I read blog posts on reader and I have a rather long list of blogs that I am watching these days. I haven't had much reading time lately so the list has gotten rather long. I skim them quickly and then move on. Yesterday, I got a chance to do a bit of reading as I have a student teacher who is teaching the entire day until the end of next week. While it's a great chance to get organized, I decided it also gave me a chance for a little bit of blog reading.
In the huge group of blog entries I had to read yesterday, there was one blog post that really, really stood out to me. I want to link it here but first I want to ask permission of its author. It was, essentially, a post in praise of the "ordinary". The poster comes from a family of people who she perceives to be "extraordinary" and she has felt like the odd one out in the past. Thankfully, she has come to understand that there is true beauty in the ordinary and she is content to be happy with her life as it is.
This ended up being one of those posts that I would like to print off and put into some kind of journal for myself. After I had read it, it just kept coming back to me and I couldn't stop reflecting on it. I think that there is such an important message there, at least for me.
I can identify with being ordinary. In a funny way, ordinary is something that I crave. I love my family tremendously but they are not people you could say are conventional or ordinary. They have deep passions and have accomplished some very impressive things in their fields. They are kind and loving. Growing up, though, I just desperately wanted them to be "normal". I grew up with a profound sense of not belonging, largely because we were so unusual in the way that my parents chose to live our lives. I still struggle a bit with shame when I have to explain my parents' choices to people. Silly, I know, since my mind understands that I was not and am not responsible for my parents' choices and that they shouldn't reflect on me but still, those feelings from childhood and adolescence can be really hard to shake.

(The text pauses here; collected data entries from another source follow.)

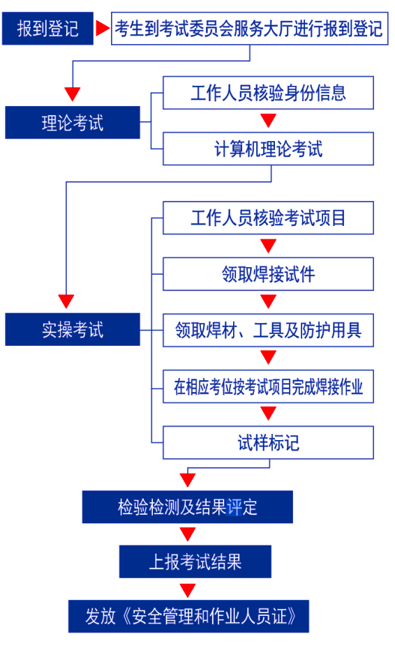 焊工考試委員會設有:實操考試基地、多功能理論考試教室、焊材庫、試樣庫監控室、無損檢測室、理化實驗室等,建筑面積達700余平方米。
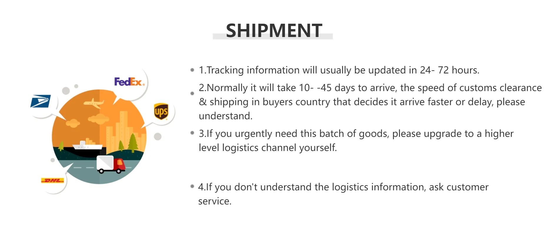 You may chat with us for any questions via TradeManager, we will respond you right way, If we are not online, please e-mail us, we will get back to you within 24 hours.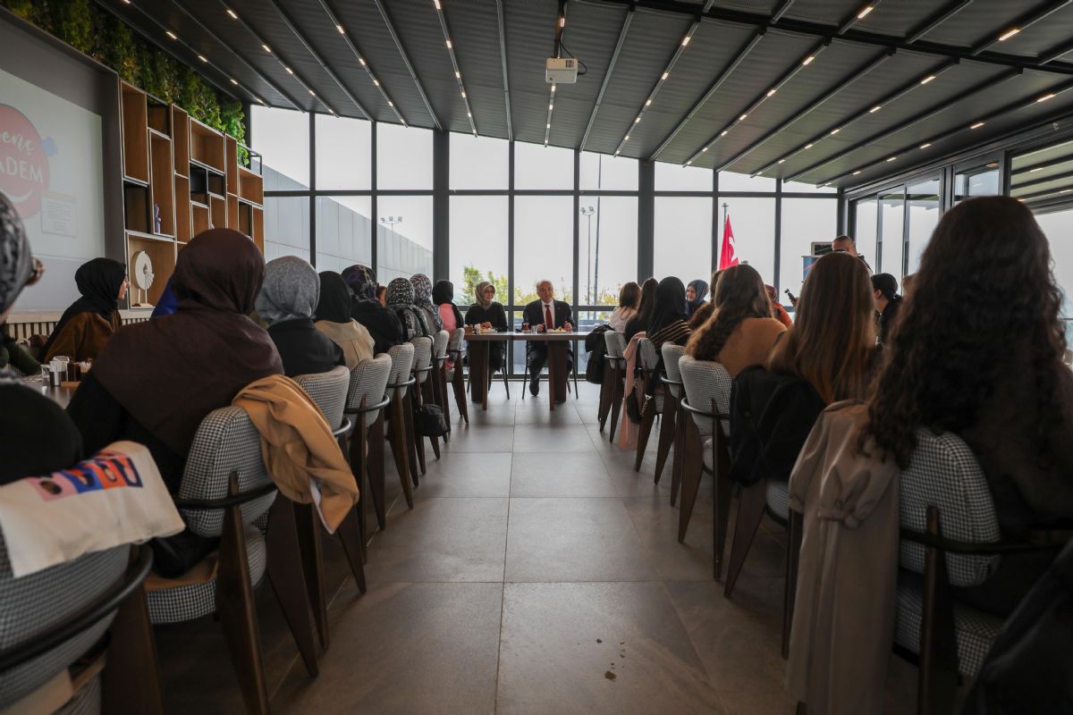 Mutfak Sanatları Merkezi’nde gerçekleştirilen programa, KADEM Düzce İl Temsilcisi Dr. Fatma Kızılelmas, Genç KADEM İl Sorumlusu Sude Naz Geçici ve Topluluk Başkanı Berra Özel de katıldı. Samimi bir atmosferde gerçekleşen buluşmada Başkan Özlü, öğrencilerle birebir sohbet etti, hangi bölümlerde eğitim aldıklarını sordu ve kariyer planları hakkında fikir alışverişinde bulundu.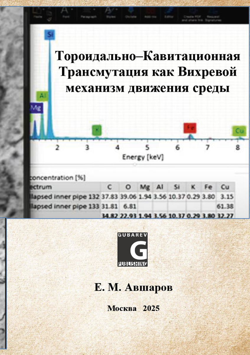 05 декабря 2025 года вышла из печати монография: "Тороидально–Кавитационная Трансмутация как Вихревой механизм движения среды". Представлена непротиворечивая модель среды “Физического Вакуума” или всепроникающего “Нового Эфира”, именуемого далее – “Эфир”, воздействующей на планеты, звезды и сами галактики в наблюдаемой нами Вселенной, – как извне на эти объекты, так и на процессы, протекающие в материальных объектах. Модель обладает свойством масштабной фрактальности и прослеживается в масштабах от Протона до самоорганизации Галактик. Представлен интегрированный подход к пониманию основного вида движения этой среды "Нового Эфира" в виде “Тороидально-Кольцевого образования со Спином-Джетом”, проявляющейся на всех масштабах Вселенной – от фемто-мира до Галактик, и являясь единственной полностью устойчивой структурой, определяемой огромной разностью давления между ее периферией и центром эфирного вихря. “Спин-Джет”, как обязательная и неотъемлемая часть Тороидально-Кольцевого эфирного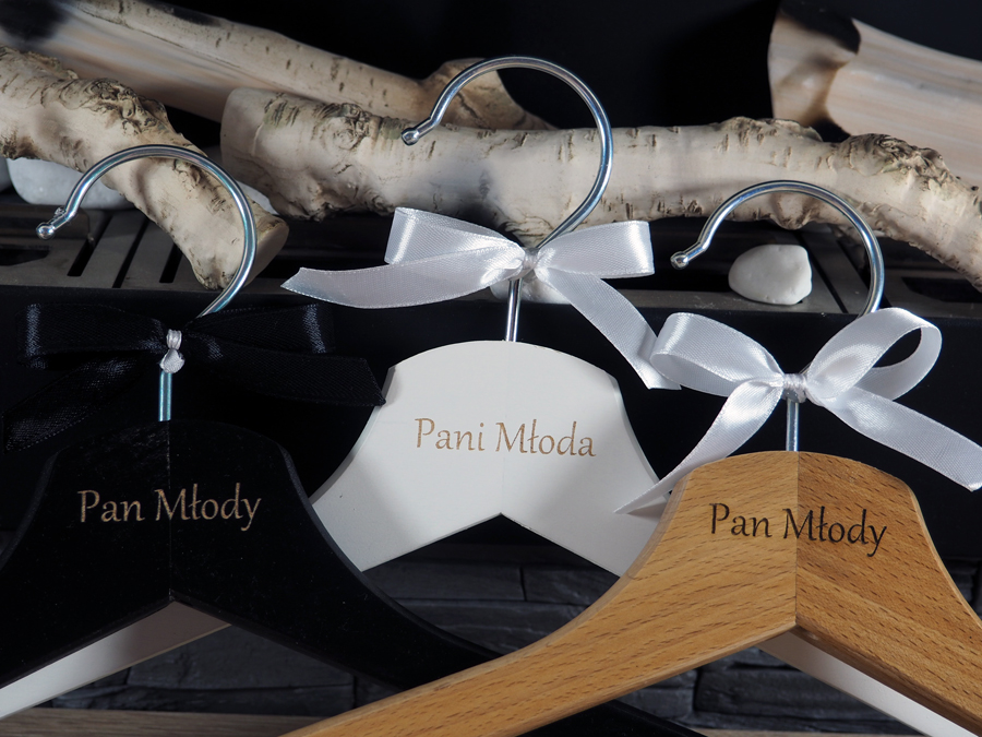 Вешалка доступна в трех цветах: белый, черный или натуральное дерево с надписью Жених, Невеста

On the other hand, I also feel the need to apologize for being so conventional. I am boring. There's nothing exciting or dramatic in my life choices. I like home and family and traditions and comfort. I don't want to be overly challenged or stretched and I love my little life. I work with some people who really do exciting, impressive things and I do feel like the little sparrow next to the gorgeous peacocks (an analogy used by my friend in her post). Motherhood has brought that feel out even more - being surrounded by all of these very ambitious people who are doing great things and I am at a stage of life when just thinking about getting through the work day and getting home to Pk and dh is enough for me. There isn't time for high flying and drama, my life is full of the mundane and ordinary, endless numbers of meals to cook, stories to read, baths to give, dogs to walk...

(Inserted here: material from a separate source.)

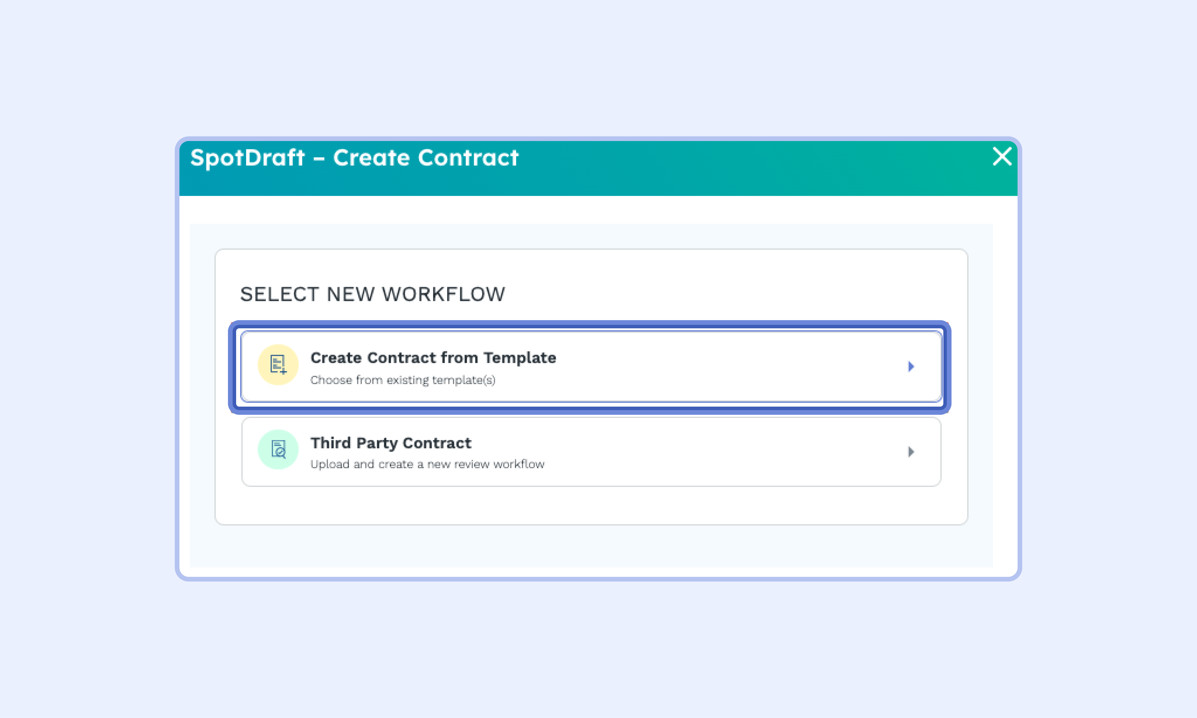 Note. For the ‘Create from Template’ workflow, you’ll need to already have the Template Contract created in SpotDraft and the mapping sheet completed for its questions and then complete the subsequent ‘Configuring the HubSpot integration for individual workflows’ section.

And yet, there is something so wonderful to be treasured in all of that. The poster was right. It's fun to look at the peacock but we do and then move on. And yet, who hasn't sat and watched intently at a bird feeder, watching the chickadees or the sparrows, the starlings and the blue jays. They aren't exciting on first glance but that are truly fascinating to study and they each have a beauty of their own. To me, my life is like that, too. There are those beautiful moments buried in the midst of all that ordinary, moments that would be easy to miss but that are really, at least for me, the moments that make life worth living. Those are the true treasures - my daughter's joy in discovering something new, a half hour of colouring together, seeing the leaves on a tree or the beauty of the snow when walking the dogs, a good conversation with a friend when you need it, a cup of something warm and yummy in the midst of a busy day...
Especially at this time of year so filled with sparkle and noise, what a good time to be reminded to treasure the quiet and to watch for the beauty in the small moments. Thanks to the poster for helping me to get myself back on track. I need to get out and buy some birdseed...

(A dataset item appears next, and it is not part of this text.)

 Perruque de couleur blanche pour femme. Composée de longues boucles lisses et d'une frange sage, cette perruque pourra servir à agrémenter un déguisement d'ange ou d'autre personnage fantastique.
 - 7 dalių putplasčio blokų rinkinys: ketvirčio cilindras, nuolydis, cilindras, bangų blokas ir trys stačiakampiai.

I always feel the need to apologize for being ordinary, too, and a little embarrassed by it. So many poeple are doing such interesting things, and me... I am not. But it's partly the stage I am at right now in my life and my children's lives, and partly just who I am. So while I feel funny about it in relation to what I feel like maybe I ought to be living up to, I am mostly fine with it because it IS who I am.
ReplyDeleteI will say, though, that your parents need no apologizing for. They are wonderful people. I love them, even if they are unusual, though not so much for the unusual as for their truly good hearts - and that's something you have carried with you from that upbringing, something I would never see changed in you. (Of course, maybe I'm just aquainted with loving strange family memebrs!)